The world is moving faster than ever. The way we consume content, share, buy – everything is evolving, and there has never been such a need for businesses to put all their efforts behind keep up with these changes. If we don’t keep iterating on our processes and moving forward, there is a very real risk that we will become irrelevant and outdated. We should constantly be asking ourselves what will make on-site experiences richer, easier and ultimately turn more visitors into customers.
So, what can we do to achieve this? To remove ‘internal blinkers’ and focus on creating the best, most customer-centric online experiences?

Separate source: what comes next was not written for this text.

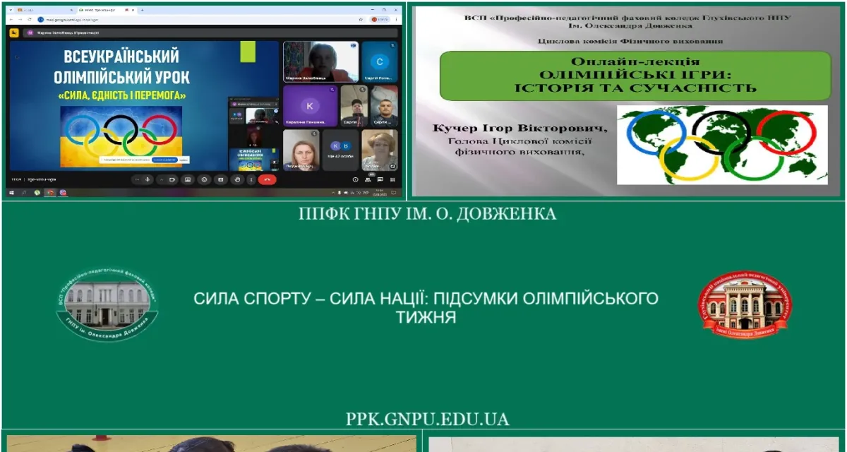 15 вересня 2025 року відбувся онлайн Олімпійський урок «Сила, єдність і перемога». Викладач фізичної культури Марина Залюбівець ознайомила учасників із видатними спортсменами коледжу, які прославили заклад своїми перемогами, а також вшанувала пам’ять «янголів спорту» Глухівської громади, які загинули у війні.

Changing your day-to-day working and thinking
When was the last time you spoke to your real customers – not from your office, but actually face-to-face? Or spent time with teams outside of your own to find out what they know about your customers or what they think of your on-site experience?

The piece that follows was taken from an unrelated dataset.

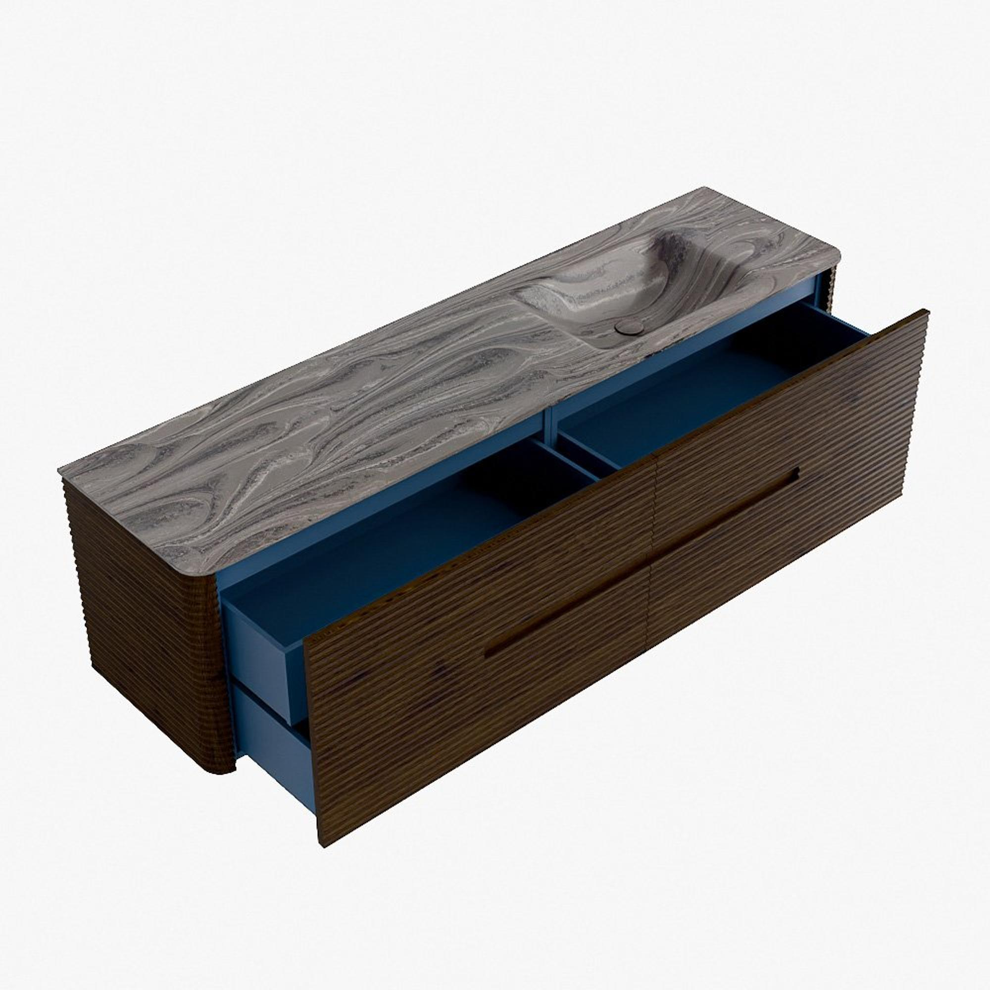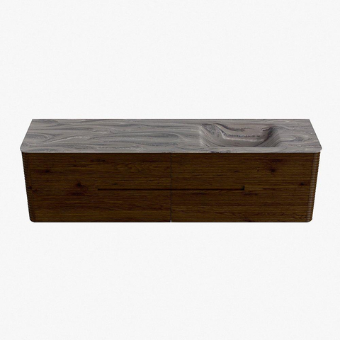 Mondiaz CIRO-DLUX Badkamermeubelset - 180x45x50cm - Solid surface wastafel Sombra - 1 wasbak Rechts - 1 kraangat - 4 lades - Walnut

Begin by introducing regular activities and processes that take you closer to what your customers are actually thinking, saying and doing. Build up a bank of insights of what you know about your customers and keep refreshing these as things change every month.
Start from the beginning of the journey; how easy is it for people to find your website and then find what they need? You can run remote user testing sessions to find this out. Or you could run an on-site survey and begin to create themes from the responses which could identify issues, blockers or opportunities for changes on-site. If you can also validate these further with data and analytics then this should give you a prioritised focus for your improvements.
And remember that anyone in your business can come up with great ideas for tests/improvements – it doesn’t have to come from someone with ‘creative’ or ‘marketing’ in their title. You could run weekly or daily stand ups about the activity that is going on in the digital team and invite people from other departments to attend. They may be able to contribute valuable insight and it will bring the rest of the business closer to what your team is working on.
Iterate iterate iterate
Do you have a programme of continuous improvements on your website, or do you follow the traditional approach of a redesign every two years, hoping that at launch it performs as well as the previous site?
The big bang of a website redesign is becoming less and less prevalent. Companies like Amazon are leading the way; they have never redesigned their website. Instead, since launch they have been continuously iterating and improving the experience to ensure it’s in the optimum position at any given time. They are able to test and iterate at very high velocity because they have a dedicated team who handle this.
Start with looking for opportunities in your data; look for simple things you can change to improve the online experience and then test them using a tool like VWO or Optimizely. Once you have had a few successes through this then you can add in the customer insights you have been collecting. The strongest ideas for tests will then be backed by both qualitative and quantitative evidence.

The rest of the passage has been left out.